The problem is that once a viable claim (as now defined in Cunningham) is filed, plan fiduciaries must engage in the costly process of defending their actions by demonstrating the reasonableness of the fees. And, once fiduciaries have the burden of defending the fees, the more likely it is that plaintiffs extract a settlement (regardless of the merits of the claim). Since the plaintiffs’ game is to sue to settle, this case gives plaintiffs a better hand in settling cases (because the cases are now harder to dismiss).
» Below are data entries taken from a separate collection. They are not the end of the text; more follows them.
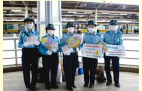
船橋 船橋フェイス通路における交通安全キャンペーン
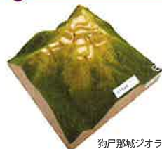
狗戸那城ジオラマ

県内に多数残されている山城を、県埋蔵文化財センターの最新の研究成果をもとに紹介します。城郭の空撮動画も放映予定です。
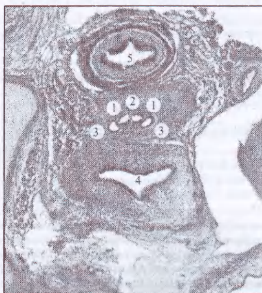
Рис. 1. Горизонтальний зріз передплота 37,0 мм тім'яно-куприкової довжини. Забарвлення гематоксиліном і еозином. Мікропрепарат. Об. 8, ок. 7:
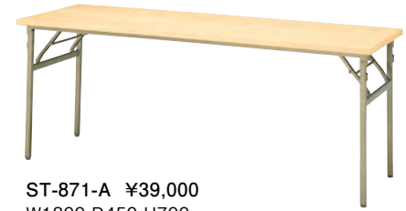
ST-871-A ¥39,000 W1800 D450 H700
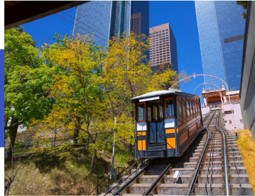
Angels Flight Railway
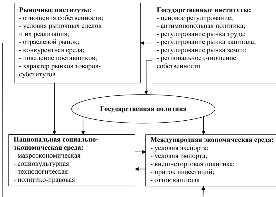
Рис. 1. Взаимодействие институтов рынка и государства

Провалы рынка вызывают необходимость коррекции ряда процессов, справиться с которыми самому рынку сложно.
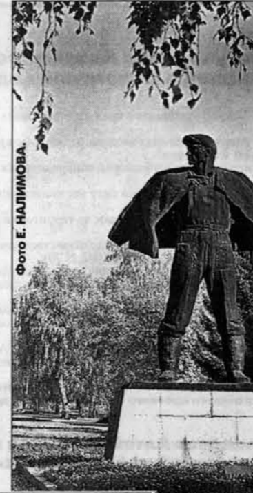
Помник первопоселенцам Алтая, установленный на ул. А. Петрова в Барнауле.

Это - из приветствия первого российского президента к 40-летию целины участникам международной конференции в Барнауле. Сейчас мы идем к 50-летию той эпопеи, которая была инициирована Алтаем и началась именно у нас, когда в ночь на 1 марта 1954 года в Барнауле прибыл первый в стране эшелон с первопоселенцами - посланцами Москвы и Московской области.
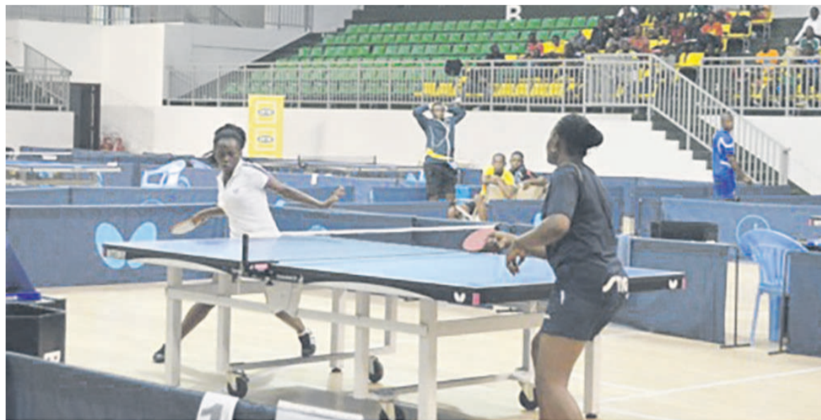
Une rencontre remportée par la pongiste de Brazzaville

Par équipe, les athlètes de la ville capitale ont remporté les deux premiers matchs qu'ils ont livrés en versions hommes et dames. La compétition se poursuit.
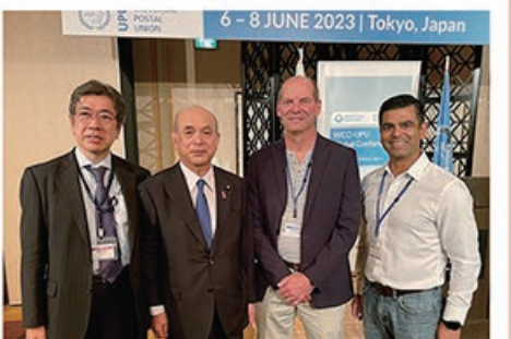
6/5 WCO-UPU グローバルカンファレンス 招宴
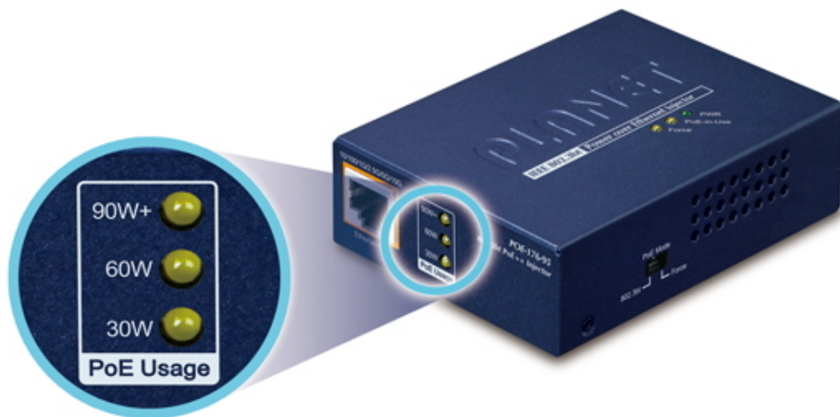
PoE Power Usage Display
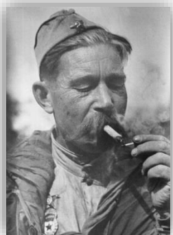
Солдат - піхотинець
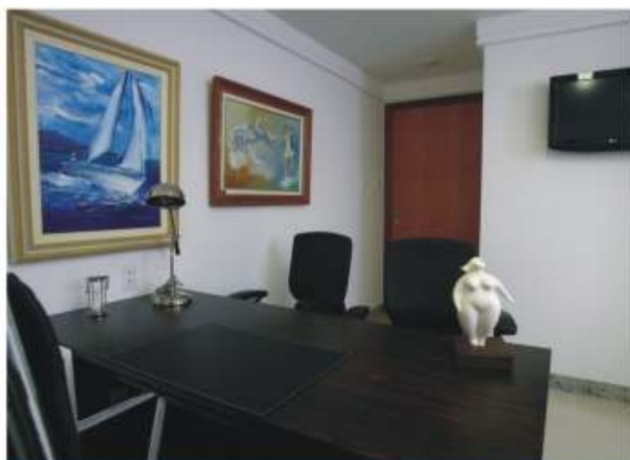
Consultórios médicos bem equipados e totalmente informatizados

O Centro Médico concentra as especialidades médicas de: Angiologia, Cardiologia, Cirurgia Bariátrica, Cirurgia Cardíaca, Cirurgia de Cabeça, Pescoço e Crânio-Maxilo-Facial, Cirurgia Geral, Cirurgia Plástica, Cirurgia Torácica, Cirurgia Vascular, Coloproctologia, Dermatologia, Endoscopia Digestiva, Gastrohepatologia, Ginecologia, Infectologia, Núcleo de Obesidade, Mastologia, Nefrologia, Neurologia, Neurocirurgia, Obstetria, Odontologia, Oftalmologia, Ortopedia, Otorrinolaringologia, Reumatologia, Pneumologia e Urologia, que atuam de maneira integrada com o Hospital Espanhol
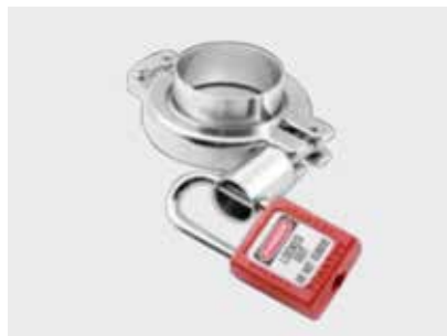
TCS Предохранительный замок для Tri-Clamp
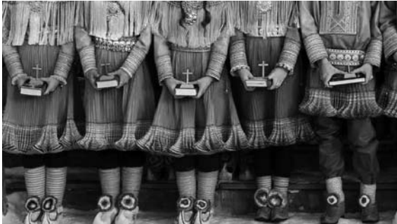
14. kép Konfirmáló számi gyerekek.

Ezt tükrözik azok a számi vélemények is, amelyek a központi szimbolikus nyelvezettel nem értenek egyet. A Ságot számi folyóiratban meglehetősen provokatív címmel jelent meg egy riport: „ The Sami Flag is Ugly and Full of Occult Symbols ”. 28 A nyilatkozó számi lelkész elítéli a zászlón megjelenő Napot, Holdat és a sámándobot egyszerre jelképező kört, szívesebben látná a keresztet a zászlón, hiszen a számik már rég nem pogányok. A samanisztikus jelképek és a számiság mitikus/ezoterikus ködbe burkolódzó interpretációi valóban nem mindig népszerűek a keresztény számik, főleg a laestadianusok körében. Ők nagyon hiányolják a keresztény jelképeket a számi identitásépítés folyamatából, azonban a kereszténység számi történelemben betöltött nagyon ellentmondásos szerepe miatt e véleményük korántsem tükrözi a többség álláspontját. Ez azonban nem jelenti azt, hogy a laestadianus és más, erősen keresztény kötődésű csoportok

Note: This case affects all ERISA plans and ERISA fiduciaries. This litigant (Cornell) is a university, so some discussions frame this as a university matter. However, it affects every ERISA fiduciary.
The Rationale
The Court’s rationale was based on some fundamental rules of civil procedure and statutory interpretation, and had nothing to do with the adverse impact on plans. Hence, the unanimous decision.
The Court focused on the structure of Sections 406 and 408. Under Section 406, a prohibited transaction occurs when the three elements specified in Section 406 occur: a transaction…for goods or services…between a plan and a party in interest. Looking at Section 406, those are the only things that need to be alleged for a case to proceed. The fact that Congress then stated, in Section 408, that such a transaction is exempt from the prohibition on prohibited transactions means that the reasonableness of the fees is an affirmative defense—a defense that must be raised and ultimately proven by the defendants (i.e., the plan fiduciaries). As stated by the Court:
In particular, when a statute has “exemptions laid out apart from the prohibitions,” and the exemptions “expressly refe[r] to the prohibited conduct as such,” the exemptions ordinarily constitute “affirmative defense[s]” that are “entirely the responsibility of the party raising” them.
The Consequences
The Court acknowledged Cornell’s concern that, as a result of this decision:
[If plaintiffs only need to plead the three elements of Section 406]…plaintiffs could too easily get past the motion-to-dismiss stage and subject defendants to costly and time-intensive discovery. Such meritless litigation, respondents claim, would harm the administration of plans and force plan fiduciaries and sponsors to bear most of the associated costs. These are serious concerns, but they cannot overcome the statutory text and structure. Here, Congress “set the balance” in “creating [an] exemption and writing it in the orthodox format of an affirmative defense,” so the Court must “read it the way Congress wrote it.”
Interestingly, after acknowledging these risks, the Court then suggested ways that the courts—and fiduciaries—could address “meritless” cases. For example, the Court noted that if defendants answered a complaint by showing the reasonableness of fees, Federal rules of civil procedure allowed a trial court to “insist that the plaintiff’ file a reply, “‘put[ting] forward specific, nonconclusory factual allegations’” showing the exemption does not apply… Lower courts may then dismiss the suits of those plaintiffs who cannot plausibly do so.
The Court also noted that district courts can dismiss cases if there is no injury alleged—in effect, if fees are reasonable and take other actions, such as sanctioning attorneys or imposing costs.
Time will tell whether these suggestions are effective. But, in the meantime, we can expect the wave of fiduciary lawsuits to keep rolling in.